● **Activity**: Find the line with "पलाञ्चोक भगवती, काभ्रेपलाञ्चोक" in the entries below, then output every line from it down to the line with "Władze miasta i", exactly and with no pictures.

● **Supplied data**:

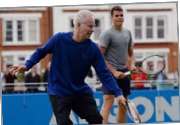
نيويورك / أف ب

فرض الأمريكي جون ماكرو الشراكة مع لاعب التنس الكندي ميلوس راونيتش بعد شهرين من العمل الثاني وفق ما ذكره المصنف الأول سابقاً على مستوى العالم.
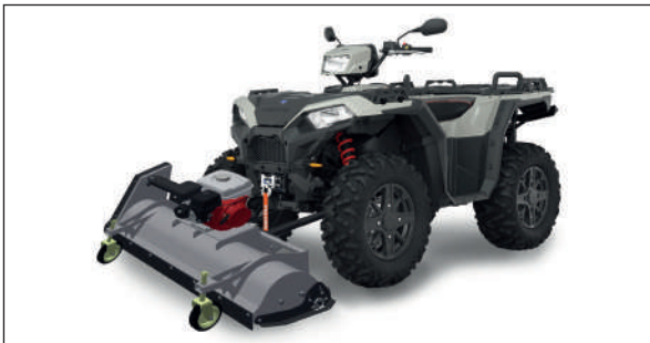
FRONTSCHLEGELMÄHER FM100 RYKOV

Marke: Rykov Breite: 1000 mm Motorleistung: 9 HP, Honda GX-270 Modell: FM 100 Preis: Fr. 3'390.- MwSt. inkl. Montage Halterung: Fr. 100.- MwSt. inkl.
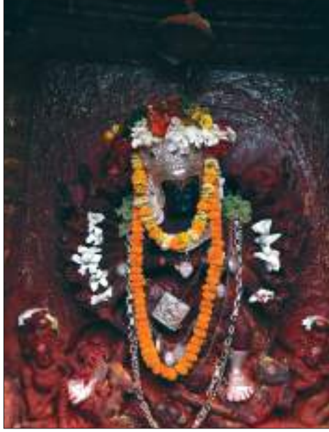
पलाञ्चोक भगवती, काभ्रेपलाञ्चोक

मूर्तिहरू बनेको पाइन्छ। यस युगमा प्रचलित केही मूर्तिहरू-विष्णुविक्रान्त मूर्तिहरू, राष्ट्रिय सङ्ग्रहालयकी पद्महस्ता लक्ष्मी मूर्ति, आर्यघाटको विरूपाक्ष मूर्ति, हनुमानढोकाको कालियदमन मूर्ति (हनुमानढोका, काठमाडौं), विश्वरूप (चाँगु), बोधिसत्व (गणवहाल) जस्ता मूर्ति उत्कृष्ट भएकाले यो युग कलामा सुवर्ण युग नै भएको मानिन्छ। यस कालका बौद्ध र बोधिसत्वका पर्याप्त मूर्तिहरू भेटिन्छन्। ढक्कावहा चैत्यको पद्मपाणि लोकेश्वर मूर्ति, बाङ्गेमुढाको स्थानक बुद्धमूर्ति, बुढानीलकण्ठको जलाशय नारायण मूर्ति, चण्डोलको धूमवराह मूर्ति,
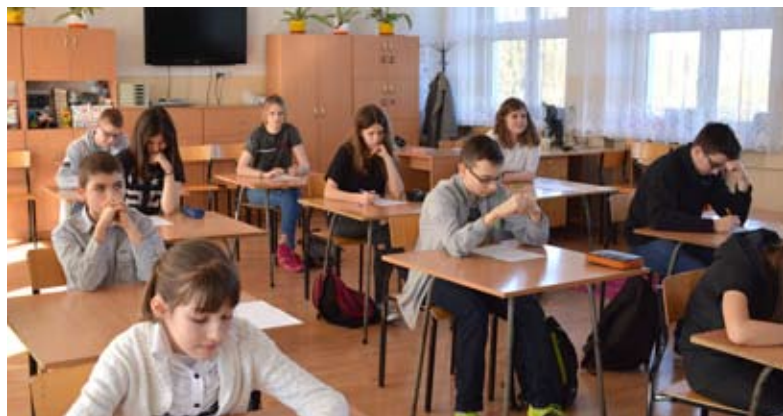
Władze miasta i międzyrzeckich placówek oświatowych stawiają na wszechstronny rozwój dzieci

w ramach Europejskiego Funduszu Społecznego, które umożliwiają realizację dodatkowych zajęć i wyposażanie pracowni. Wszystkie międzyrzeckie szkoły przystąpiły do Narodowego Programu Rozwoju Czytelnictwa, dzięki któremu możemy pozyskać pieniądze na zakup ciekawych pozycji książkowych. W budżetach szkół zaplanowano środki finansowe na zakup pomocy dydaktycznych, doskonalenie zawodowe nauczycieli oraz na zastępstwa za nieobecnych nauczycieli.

● **Solved exercise**:
पलाञ्चोक भगवती, काभ्रेपलाञ्चोक

मूर्तिहरू बनेको पाइन्छ। यस युगमा प्रचलित केही मूर्तिहरू-विष्णुविक्रान्त मूर्तिहरू, राष्ट्रिय सङ्ग्रहालयकी पद्महस्ता लक्ष्मी मूर्ति, आर्यघाटको विरूपाक्ष मूर्ति, हनुमानढोकाको कालियदमन मूर्ति (हनुमानढोका, काठमाडौं), विश्वरूप (चाँगु), बोधिसत्व (गणवहाल) जस्ता मूर्ति उत्कृष्ट भएकाले यो युग कलामा सुवर्ण युग नै भएको मानिन्छ। यस कालका बौद्ध र बोधिसत्वका पर्याप्त मूर्तिहरू भेटिन्छन्। ढक्कावहा चैत्यको पद्मपाणि लोकेश्वर मूर्ति, बाङ्गेमुढाको स्थानक बुद्धमूर्ति, बुढानीलकण्ठको जलाशय नारायण मूर्ति, चण्डोलको धूमवराह मूर्ति,
Władze miasta i międzyrzeckich placówek oświatowych stawiają na wszechstronny rozwój dzieci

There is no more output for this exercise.